We walked through the Farmacia of Santa Maria Novella, but bought nothing.

Then, after getting back to the convent, I realized I no longer had my bag of leather goodies.  I had either put it down somplace, or it had been snatched while I was tired and trying not to hit other people with my umbrella.  (It was drizzley in the afternoon.)  Sue felt so sorry for me that she insisted on taking me to dinner at Trattoria 4 Leoni that night, which brings me to my favorite dish of the trip: artichoke lasagne.  There was a nice British couple at the next table.  She had the lasagne; and her enthusiastic approval confirmed that selection plus a pasta (was it with pepper?) and the house red.  We had a gelati and cheesecake for dessert.  Sue said she was normally indifferent to cheesecake, but this one was good.  The British couple told us they had discovered the restaurant seven years ago, and wanted to come back. (And, obviously, they did.)

Thursday, April 07, 2011

Vacation Recap: March 16

Now we took the train to Florence, where we would spend a couple of days before returning to Rome. The rocking train put us to sleep. At the station, Sue's Italian went back into action, finding us the bus we needed to get to Casa Santo Nome di Gesù, Piazza del Carmine, 21. An elderly Florentine woman on the bus gave us much friendly advice.
After checking in at our convent, we headed back out to Villa I Tatti.  This Harvard library and research center is Bernard Berenson's former home on the outskirts of Florence.  We had signed up for a 3 O'Clock tour to see some of the artworks Mr. Berenson left to Harvard.  It took a while to get there.  We took a long ride on bus !0, then we climbed a hill.
Among the other members of our tour was a woman Sue remembered from a Freshman or Junior Parents Weekend, at which event this woman had spent most of her time complaining about the fact that she hadn't been able to use Lamont when she was at Radcliffe.  And, strangely enough, when she found out that we worked at Lamont, she again bewailed her former exile at great length.  Well, it was an injustice, but that was over 45 years ago.  Was this woman a Lamont-access monomaniac?
No, I don't think so.  My further observations suggested that she simply needed to be the center of attention. She was the girl in your class who always had her hand up.  She had a Susan-Sontag hairdo.
Our guide was an enthusiastic, charming, and knowlegeable woman.  She told us a story about a portrait of a man who had been at a party where all the guests were massacred (by the Medicis?); but his name was the only one remembered among the massacred.  A previous tourist had asked our guide if it was worth being murdered, just so you could be remembered.  "You'd have to ask Achilles that!" said the Susan-Sontag wannabee.  OK.
Inside photos were forbidden, but here's a picture of the garden.

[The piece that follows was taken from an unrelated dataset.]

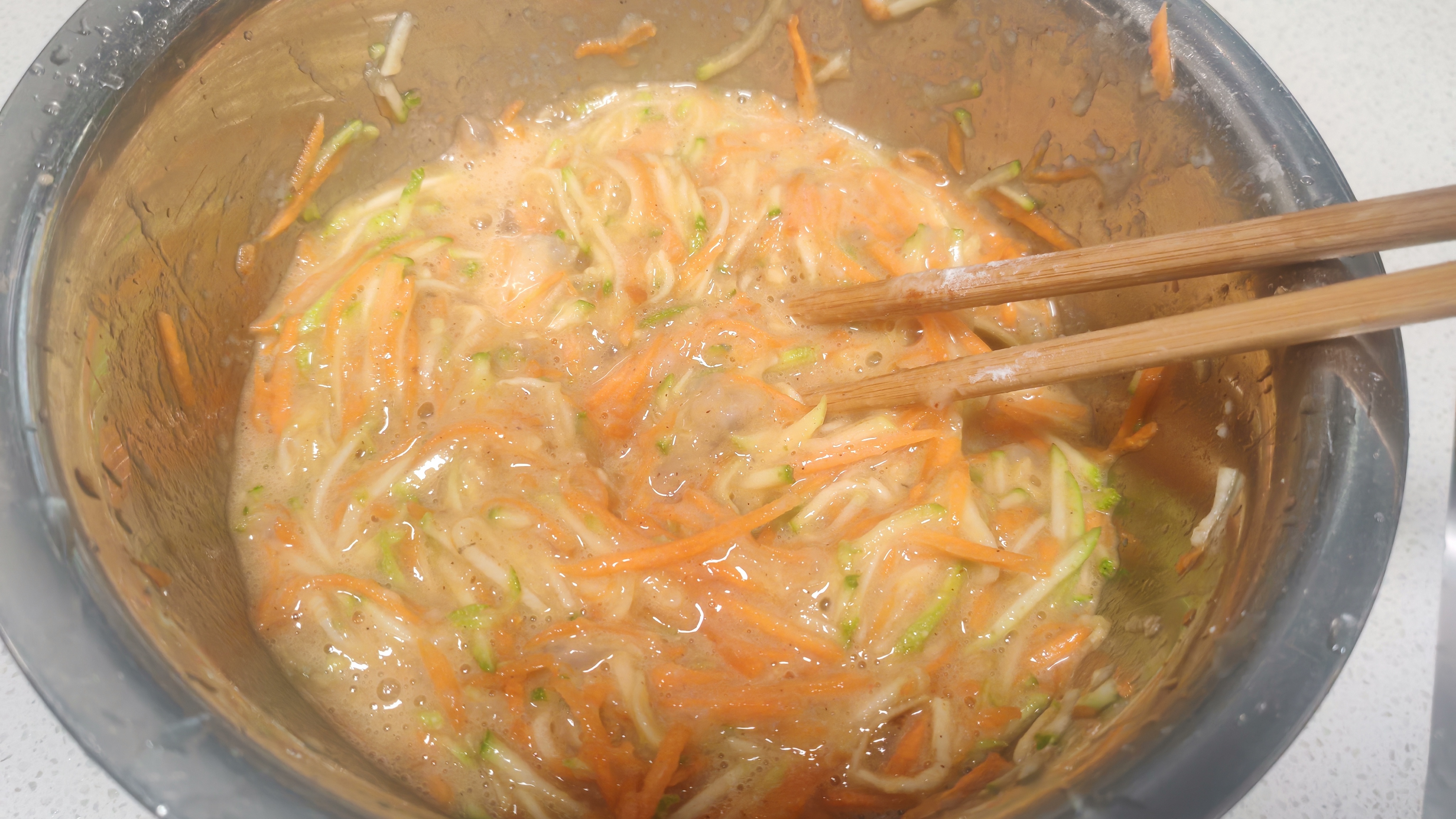 胡萝卜西葫芦擦丝+虾滑+鸡蛋+适量面粉,我鸡蛋放多了,整体就比较湿,也可以换别的蔬菜,黄瓜也可以,看爱吃什么,水分多的先杀杀水

We also had a tour of the library, so it was after 5 when we left.  We wanted to eat at a place called Trattoria 4 Leoni that night, but it was full up.  So we made a reservation for the next night and continued our quest for grub.  We sat down in a casual place filled with student-types.  A peddler came in and began pitching his stock from table to table.  We agreed to leave.  Finally we ate at Il Magazzino, Piazza della Passera 2-3.  The guy told us we had to be out in an hour.  I can't remember the meal, but the receipt says we had bevande, piatto unico, and primi piatti. I do remember they had so much wine they were storing bottles on their window sills.